AI is starting to transform aircraft pushback operations with increased efficiency, safety, and even sustainability. For instance, algorithms can factor in real-time data like weather conditions, ramp congestion, and aircraft type to calculate the optimal pushback path, ensuring smooth and efficient maneuvering. Ground crews benefit from a reduction in the potential for errors. AI-powered sensors that detect obstacles around the moving aircraft and the pushback tractor, can issue warnings or even take corrective actions to prevent collisions, which enhances safety on crowded airport aprons.

Since ground handling companies often offer basic aircraft and GSE maintenance services like topping up fluids or replacing worn-out parts, AI can provide early detection, ensuring a proactive maintenance schedule, which prevents unnecessary downtime and reduces the risk of larger, more time-intensive repairs. The algorithms analyze usage patterns and maintenance schedules so that spare parts can be delivered and available when needed, which has proven instrumental in further reducing inventory costs.

Optimization for Increasing Sustainability

Thanks to how AI is evolving and optimizing operations, smarter software support systems have become instrumental in ensuring airport aprons accommodate all arriving and departing aircrafts without delay; a great advantage in helping not only to increase customer satisfaction but also in saving on fuel costs and in reducing CO2 emissions. In fact, transformational AI software support systems have proven to be an indispensable component for sustainability initiatives deployed by airlines, airports, and ground handlers.

When an aircraft arrives at an airport, it must be able to park at an available gate or stand swiftly.

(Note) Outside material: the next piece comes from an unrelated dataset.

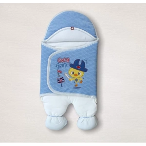 Yenidoğan Cesur Şovalye Civciv Nakışlı Şapkalı Erkek Ayaklı Kundak Bebek Battaniyesi Mavi

A lot goes on behind the scenes to make this happen. Once parked, the aircraft must be unloaded and reloaded with passengers and baggage as quickly as possible. With AI-based software support systems, all of this happens like clockwork so that the aircraft can take off again without delaying other arriving or departing flights.

That being said, the responsible use of AI is crucial. That’s why INFORM put Responsible AI Guidelines into place for the purposes of ensuring trustworthy AI. For instance, AI-centric systems should enrich both users and society and avoid negative effects such as biases or misinformation. The role of AI should only ever be supportive. It is important that its results should be verifiable at any time and humans should always have ultimate responsibility and final say. In addition, AI should always be geared towards human and corporate goals and values.

Sustainability initiatives often go hand-in-hand with efficiency improvements. By working together, ground handlers, airlines and airports can achieve significant progress towards their sustainability goals by taking a more collaborative approach and utilizing AI-based software as a path to a greener aviation industry.

About the Author

Uschi Schulte-Sasse | Senior Vice President, Aviation Division for INFORM GmbH

Uschi Schulte-Sasse is Senior Vice President, Aviation Division for INFORM GmbH – Optimization Software in Aachen, Germany. In this role, she applies broad skills in the oversight of key areas ranging from business strategy, product development and project management to sales, marketing and customer service. Schulte-Sasse’s INFORM aviation project experience dates back to 1991, with over 25 years of experience specifically in ground handling optimization solutions. She holds a Dipl.-Kff, Economics from Fernuni Hagen, and a MatSE (Mathematical Technical Software Developer degree), Software Engineering from Aachen University. Her love of aircraft and airports began in childhood with her father serving as a pilot and the family moving internationally from one airport to another.